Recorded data
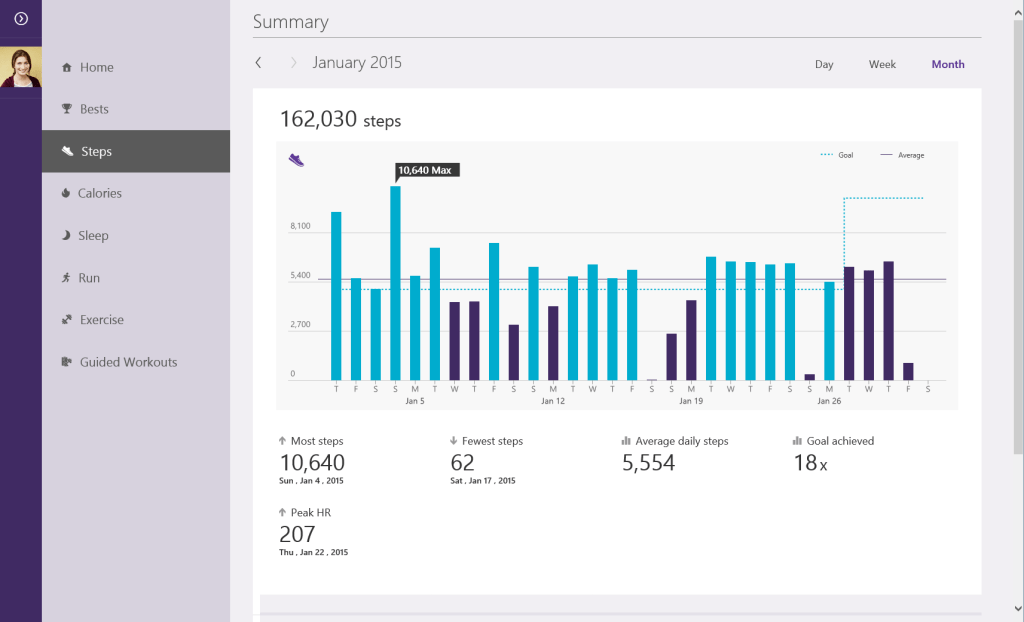 Design of a new dashboard platform for a fitness and activity tracking device and service.
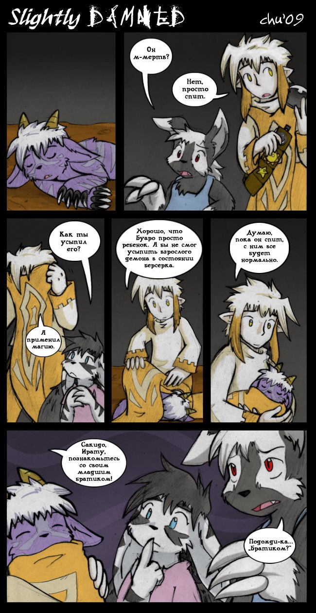 Hiya all! I'm gonna keep it short. July was a very busy month, and tomorrow I'll be off to another convention: Anthro Weekend Utah! I'm sorry I only managed to update Slightly Damned once this month. I did manage to get more pages done, but I decided I should wait until after I'm back from the convention to post more.
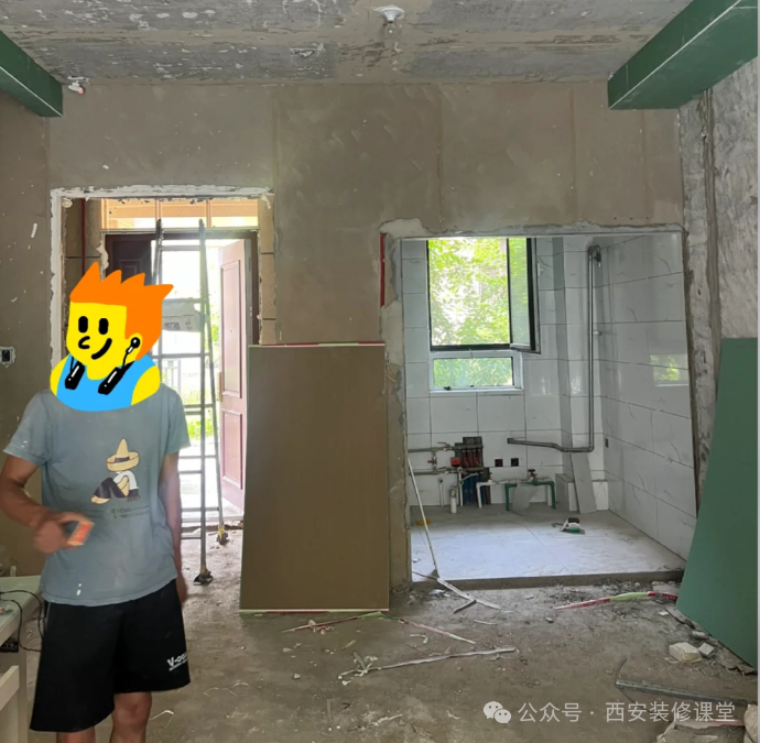 卧室门洞无法砸高,采用假门眉的形式让其保证与厨房门洞高低一致,此时厨房门,卧室门以及大梁刚好协调一致。
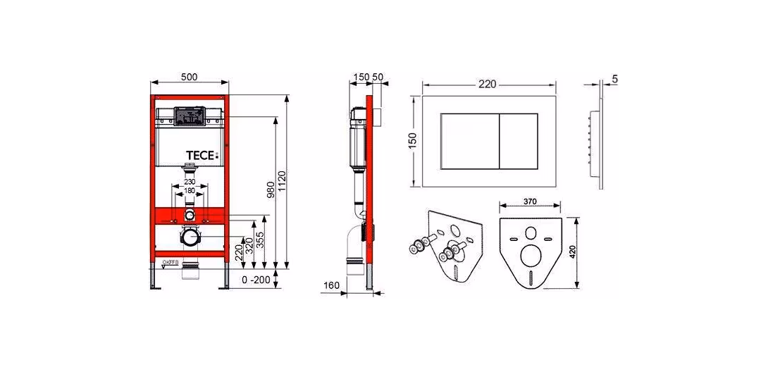 Система инсталляции TECE Now 9400012 4 в 1 состоит из рамного модуля Tece TECEbase 9 400 001, кнопки смыва Tece TECEnow 9240401, шумоизоляционной панели Tece TECEprofil и крепежных элементов. Чтобы обеспечить свежесть воздуха в санузле, используется система отведения запахов, для которой необходимо приобрести патрубок для вывода в вентиляцию, вентилятор и выключатель. Модуль выдерживает нагрузку до 400 кг благодаря особой конструкции, надежности используемых материалов и постоянному контролю качества.
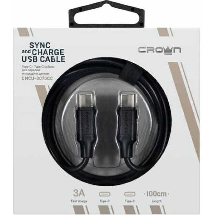 Кабель Type-C-Type-C Crown CMCU-3070CC black 1м
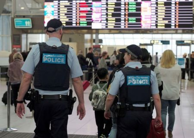Australia Federal Police officers patrol the security lines at Sydney's Domestic Airport. PHOTO: REUTERS
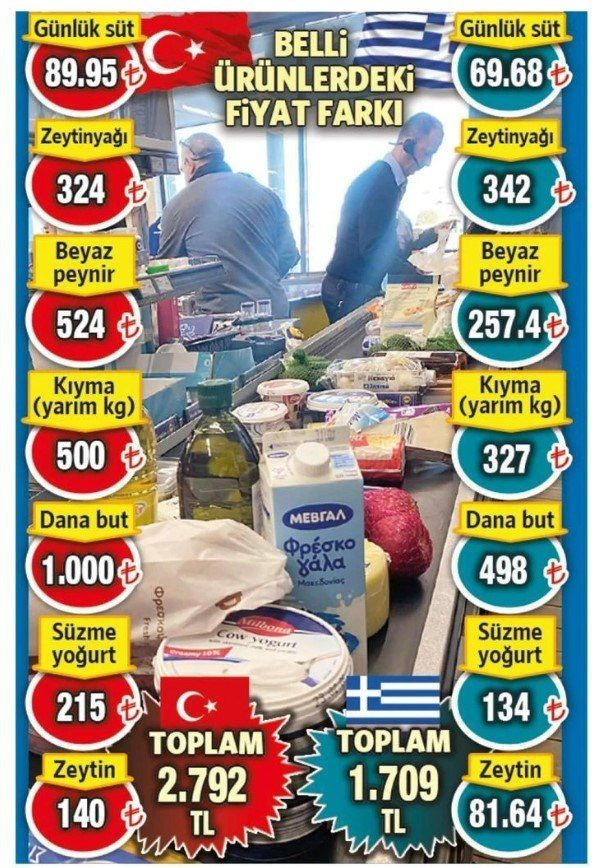 Το ίδιο καλάθι προϊόντων που στην Τουρκία κοστίζει 3.709 τουρκικές λίρες (περίπου 72 ευρώ), στην Ελλάδα διαμορφώθηκε στις 2.433 λίρες (περίπου 47 ευρώ), επιβεβαιώνοντας τη σημαντική διαφορά τιμών.
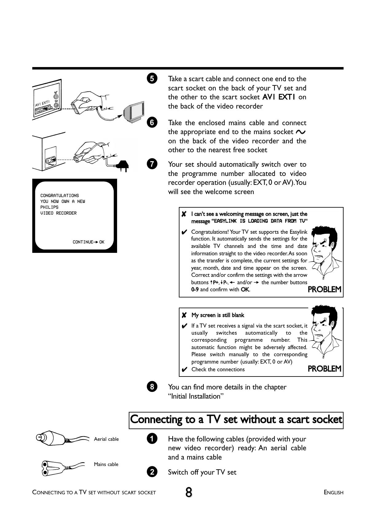 CONNECTING TO A TV SET WITHOUT SCART SOCKET ENGLISH
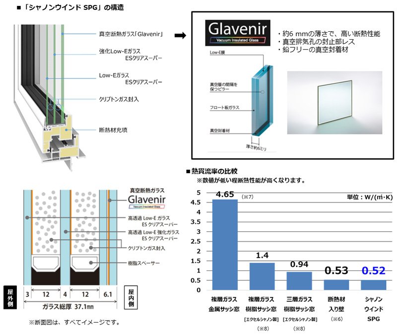 最近日本では複層ガラス以上の断熱・遮音性能が有る三層ガラスが出ている。
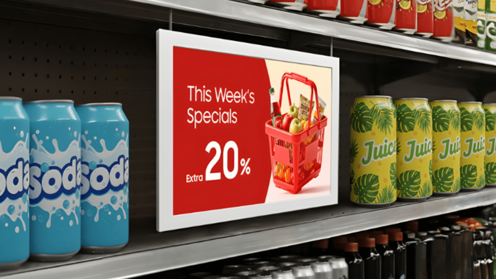 The company says the screen maintains a paper-like appearance, aiming to replicate the visual clarity of printed signage while transferring it to a digital format.
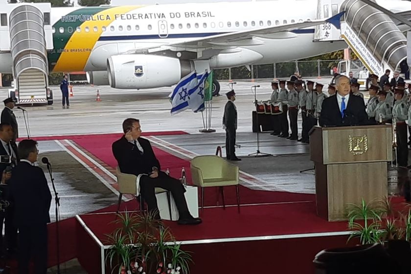 O próximo passo foi a revista conjunta das tropas de Israel. Depois de examinar os armamentos de um dos militares, as autoridades presentes, de ambos os países, foram cumprimentadas e Netanyahu fez o primeiro discurso. Apesar de a expectativa ser de um pronunciamento em inglês, ele falou apenas em hebraico. Bolsonaro falou na sequência. Ambos se pronunciaram por cinco minutos.
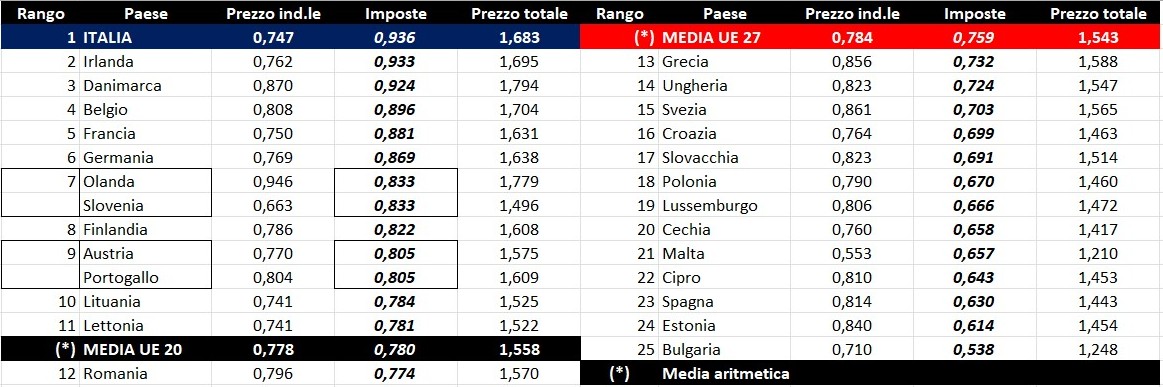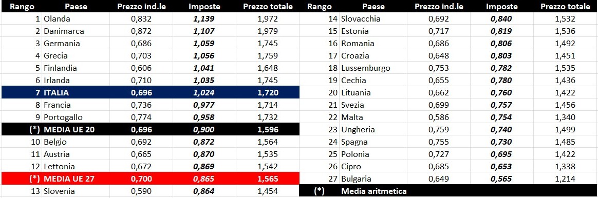 Per quanto attiene la rilevanza delle imposte sui carburanti, l’Italia si colloca al 17.11.2025 al settimo posto per il prodotto benzina, con 1,024 euro/litro su totali 1,720 di prezzo al pubblico (contro la media di 0,865 a 27 Paesi e di 0,900 a 20 Paesi area euro), nonché al primo posto per il gasolio con 0,936 euro/litro su 1,683 di prezzo al consumo (contro la media di 0,759 a 27 Paesi e di 0,780 a 20 Paesi area euro).

THE PROBLEM: Only the line with "卧室门洞无法砸高,采用假门眉" and those preceding it, back to the first line of the entries, should be repeated exactly, without pictures.

EXERCISE SOLUTION:
 Design of a new dashboard platform for a fitness and activity tracking device and service.
 Hiya all! I'm gonna keep it short. July was a very busy month, and tomorrow I'll be off to another convention: Anthro Weekend Utah! I'm sorry I only managed to update Slightly Damned once this month. I did manage to get more pages done, but I decided I should wait until after I'm back from the convention to post more.
 卧室门洞无法砸高,采用假门眉的形式让其保证与厨房门洞高低一致,此时厨房门,卧室门以及大梁刚好协调一致。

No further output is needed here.